There are many foreign words, phrases and classical references used in current English. To cite some are:

  1. A cappella – without instrumental music
  2. A fortiori – with greater reason or more convincing force —used in drawing a conclusion that is inferred to be even more certain than another
  3. A la (à la) – in the style of
  4. A la carte – with a separate price for each item on the menu
  5. A la mode  – topped with ice cream; stylish or fashionable
  6. A posteriori – relating to what can be known by observation rather than through an understanding of how certain things work
  7. A priori – relating to what can be known through an understanding of how certain things work rather than by observation
  8. Ab initio  – from the beginning
  9. Accoutrement – a piece of clothing or equipment that is used in a particular place or for a particular activity
  10. Achilles heel – a fault or weakness that causes or could cause someone or something to fail
  11. Ad hoc  – for the particular end or case at hand without consideration of wider application
  12. Ad hominem (usage) – appealing to feelings or prejudices rather than intellect; marked by or being an attack on an opponent’s character rather than by an answer to the contentions made
  13. Ad infinitum – without an end or limit
  14. Ad lib(itum) – in accordance with one’s wishes; without restraint or limit
  15. Ad nauseam – to a sickening or excessive degree
  16. Adonis  – a very handsome young man
  17. Aegis – the power to protect, control, or support something or someone
  18. Affidavit – a written report which is signed by a person who promises that the information is true
  19. Aficionado  – a person who likes and knows a lot about something
  20. Agent provocateur – a person employed to encourage people to break the law so that they can be arrested
  21. Agitprop – political propaganda promulgated chiefly in literature, drama, music, or art
  22. Aide memoire  – an aid to the memory; especially :  a mnemonic device; a written summary or outline of important items of a proposed agreement or diplomatic communication
  23. Alfresco – in the open air
  24. Alibi – an excuse usually intended to avert blame or punishment
  25. Alpha and omega – the beginning and ending
  26. Ambiance – the mood or feeling of a particular place
  27. Amok – a murderous frenzy that has traditionally been regarded as occurring especially in Malaysian culture
  28. Amour proper – self-esteem
  29. Anathema – someone or something that is very strongly disliked
  30. Ancien regime – a system or mode no longer prevailing
  31. Annus horribilis – a disastrous or unfortunate year
  32. Annus mirabilis  – a remarkable or notable year
  33. Ante – cost, price; risk, stakes
  34. Ante bellum – occurring in the southern U.S. during the time before the American Civil War
  35. Aphrodisiac – something (such as a food, drink, or drug) that causes or increases sexual desire
  36. Apropos – at an opportune time :  seasonably; by way of interjection or further comment :  with regard to the present topic
  37. Attaché – a person who works at an embassy as an expert on a particular subject
  38. Au contraire – on the contrary
  39. Au courant – knowing about the newest information, trends, etc.; stylish or current
  40. Au fait – to the point :  fully competent :  fully informed :  socially correct
  41. Au naturel – in a natural state
  42. Avant-garde – a group of people who develop new and often very surprising ideas in art, literature, etc.

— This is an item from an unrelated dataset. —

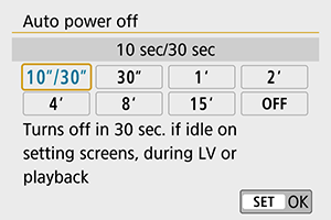 Galite pakeisti trukmę, kuriai praėjus, įsijungia fotoaparato automatinio išsijungimo funkcija.

  43. Bar mitzvah and bat mitzvah – the former is a ceremony and celebration for a Jewish boy on his 13th birthday when he takes on the religious duties and responsibilities of an adult; the latter is a ceremony and celebration for a Jewish girl usually on her 13th birthday when she takes on the religious duties and responsibilities of an adult
  44. Belle vs beau – the former is a noun for a gorgeous female, sometimes signified as the most gorgeous at a particular gathering; the latter is French and literally means handsome or beautiful in the masculine form.
  45. Berserk – one whose actions are recklessly defiant
  46. Bête noire – a person or thing that someone dislikes very much
  47. Blitz – a military attack in which many bombs are dropped from airplanes; a fast and powerful effort
  48. Blitzkrieg – a sudden and overwhelming military attack; a fast and powerful effort
  49. Bona fide, bona fides – the former means made or carried out in good faith or real or genuine; the latter means good faith, or credentials
  50. Bourgeois, bourgeoisie –the former means middle class person; the latter denotes the middle class as a whole, rather than just a middle-class person.
  51. Caesar’s wife – someone who is pure and honest in moral
  52. Canard – a false report or story : a belief or rumor that is not true
  53. Capiche, capeesh, capische, etc – (interjection) Do you understand?
  54. Carte blanche – permission to do something in any way you choose to do it
  55. Casus belli – an event or action that justifies or allegedly justifies a war or conflict
  56. Cause célèbre – a legal case or an event that a lot of people become interested in
  57. Caveat – a modifying or cautionary detail to be considered when evaluating, interpreting, or doing something; a legal warning to a judicial officer to suspend a proceeding until the opposition has a hearing
  58. C’est la vie –  that’s life :  that’s how things happen
  59. Ceteris paribus – if all other relevant things, factors, or elements remain unaltered
  60. Comme ci, comme ça – neither very good nor very bad; so-so
  61. Confidant vs. confidante – a trusted friend you can talk to about (conFIDANT); a woman who is a trusted friend (conFID
  62. Cordon sanitaire – a protective barrier (as of buffer states)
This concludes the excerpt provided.